Renal Week 2008: Acute Kidney Injury Lecture: Can staging guide therapy

Claudio Ronco

We have no data. thank-you.

Various definitions of AKI change the prevalence and prognosis of AKI.

In RIFLE use the worse of cr or u.o to define category

States 200,000 patients have been used to validate RIFLE.

Systemic review of RIFLE in KI in 2008 by Ronco.

AKIN changes R to include increase in Cr of 0.3. Otherwise just sw2ithches I to 2 and F to 3.

Also the two creatines used to determine the 5change must be measured within 48 hours of each other.
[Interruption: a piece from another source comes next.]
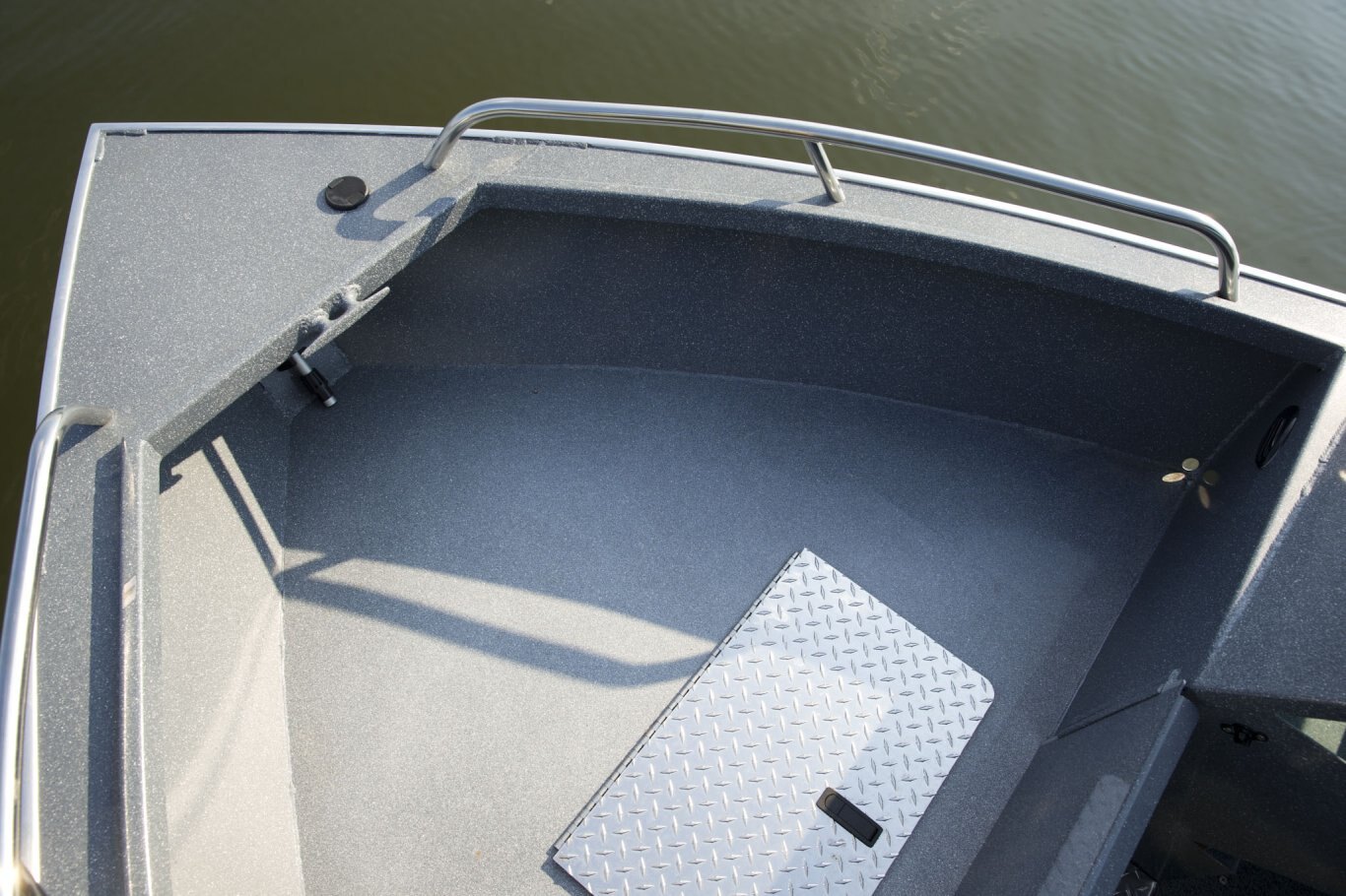 Miscellaneous Welded Cleats Coaming Gunnel w/ Watershed Channel Hydraulic Steering (OS Models Only) Toe Holds Tackle Tray Elevated Console Welded Safety Glass Windshield Bilge Pump

Early initiation of RRT has theoretical benefits
Defintion on how to measure/define this are not established

He feels the failure of the ATN is due to Pagamini’s high, medium and low severity argument.

Much better talk

Renal Week 2008: Acute Kidney Injury


Need to adjust serum Cr for fluid balance. He states that this will allow Cr to determine renal failure 24 hours earlier. He fails to give an equation to do this. Is creatinine distributed in total body water or extracellular water? My guess is total body water.

eGFR would be more helpful in eliminating the curvelinear relationship of GFR and Cr but not validated in ARF.

Jelliffe method takes into account Cr generation and is better in ARF. Fails to provide information on calculating the eGFR by Jelliffe method.

Mentions Thurau’s article on Acute renal success. Am J Med 1976

Shaw in Nephron Physiology article on the time course of AKI as determined by differing etiologies.

Oliguria is bad
diuretic matter, but he wont tell us how.

Mehta is the worst lecturer. He throws a ton of data up and fails to describe any of the implications.

Total crap.

Renal Week 2008: CVD and CKD: Case 7

66 yo woman with ESRD due to analgesic nephropathy. Hx of Crohn’s Disease. Extended criteria deceased donor allograft transplant 1.5 yrs ago.

Now SBP of 160.

Next Speaker Ojo. Greatest name in Nephrology.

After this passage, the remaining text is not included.